Kimlik kavramı, kısaca, bir kişinin ya da grubun/topluluğun kendi niteliklerine, değerlerine, konumuna ve kökenine ilişkin bilinçli kavrayışı olarak tanımlanabilir (Şimşek, 2002, s. 29). Newman (1978)’a göre kimlik, bireyin geçmişle ilgili özdeşimlerini, bugünkü rollerini ve geleceğe yönelik arzularını yaratıcı bir biçimde bütünleştirmesi üzerinde odaklanır. Bireyin geçmişinin sosyal tarihi ile bugünün ve geleceğin kültürel beklentileri arasında bağlantı kurar (Newman'dan aktaran Şimşek, 2002, s. 32).

Kimlik kendine özgü olmasıyla birlikte, her topluluk, yerel kurum, yapı ve aile de kendine özgüdür; aynı zamanda da kendi türünden olanlarla benzer özellikler paylaşır. Her biri zaman, mekân ve durumda farklı bir yer kaplar; bu da onlara kendi kimliklerini kazandırır (Kyvig ve Marty, 2011, s. 132). Bireyin kimlik gelişiminde çeşitli etkenler rol almaktadır. Aileden gelen özellikler ile çevresel faktörler bunların başındadır. Etnik köken, maddî durum, kültür ve eğitim seviyesi, yaşam tarzı, gelenek-görenekler, örf-adetler ve yaşadığı mekân vb. etkenler kimlik gelişiminde kişiler arası farklılıkları belirlemektedir.

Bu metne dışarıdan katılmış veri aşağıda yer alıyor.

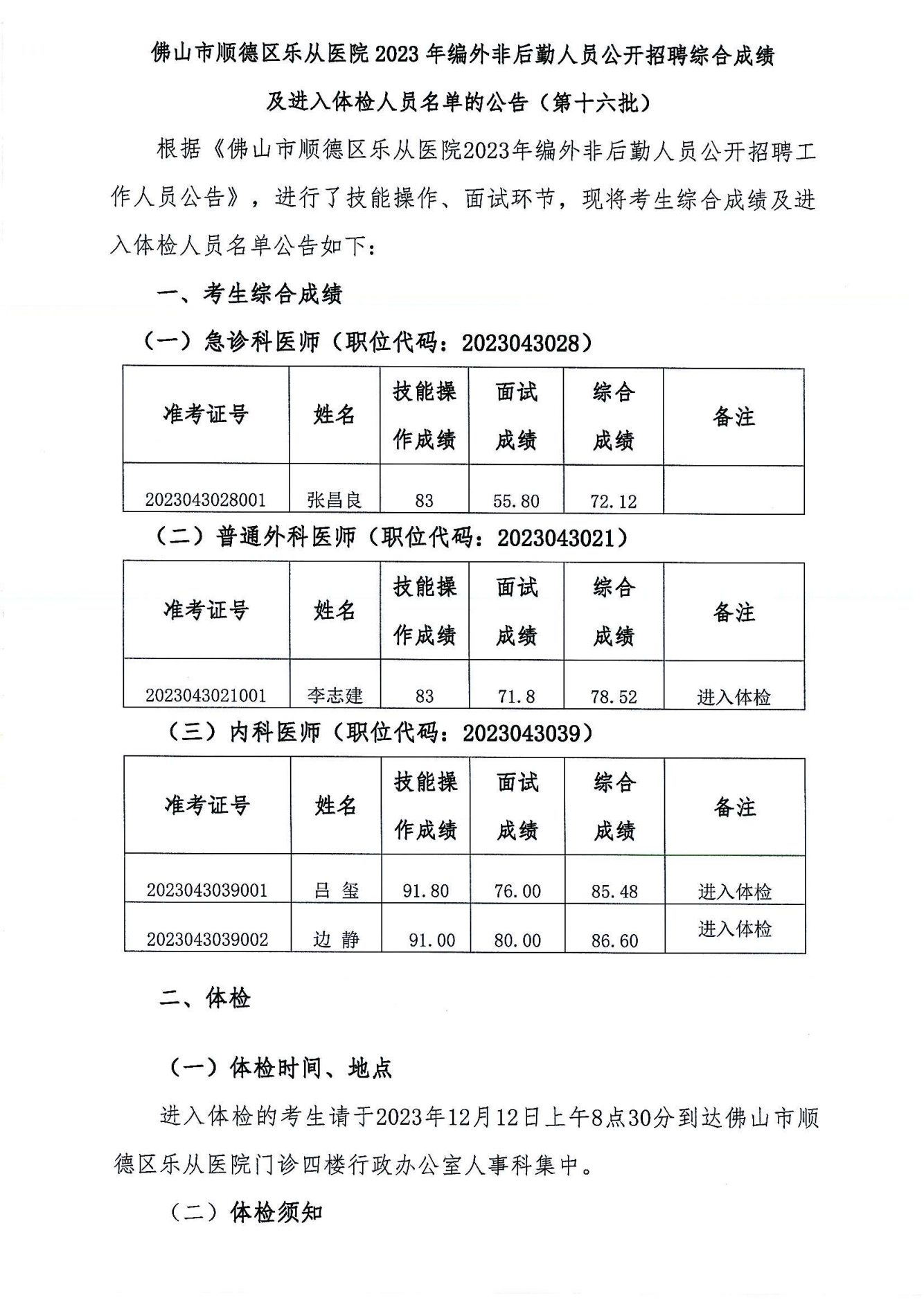 上一篇: 乐从医院2023年编外非后勤人员公开招聘综合成绩及进入体检人员名单的公告(第十七批)

Kimlik bireysel bir olgudur. İnsan kimliği dünyada yaşanan bölünmüşlüğün de ortaya koyduğu gibi, sosyal bir kimlik olarak tanımlama eğilimindedir. Çünkü bireysel kimliğin oluşumunda toplumun ulusal, kültürel, ekonomik değer ve davranış kalıpları, kolektif semboller insanı insandan farklı kılan yapay bir kimliğin oluşumunu teşvik etmektedir (Aşkın, 2007, s. 216).

Yukarıdaki tanımlarda, kimliğin bireysel bir olgu olduğu belirtilirken, kimliğin her topluluk, yerel kurum, yapı ve ailede kendine özgü olduğu vurgulanmaktadır. Bireysel kimliğin oluşumunda toplumun temel değer ve davranış kalıplarının bu oluşumu etkilediği belirtilmektedir. Tüm bu bilgiler ve yorumlar, kimliğin oluşumu ve gelişiminde birçok faktörün olduğunu ortaya koymaktadır.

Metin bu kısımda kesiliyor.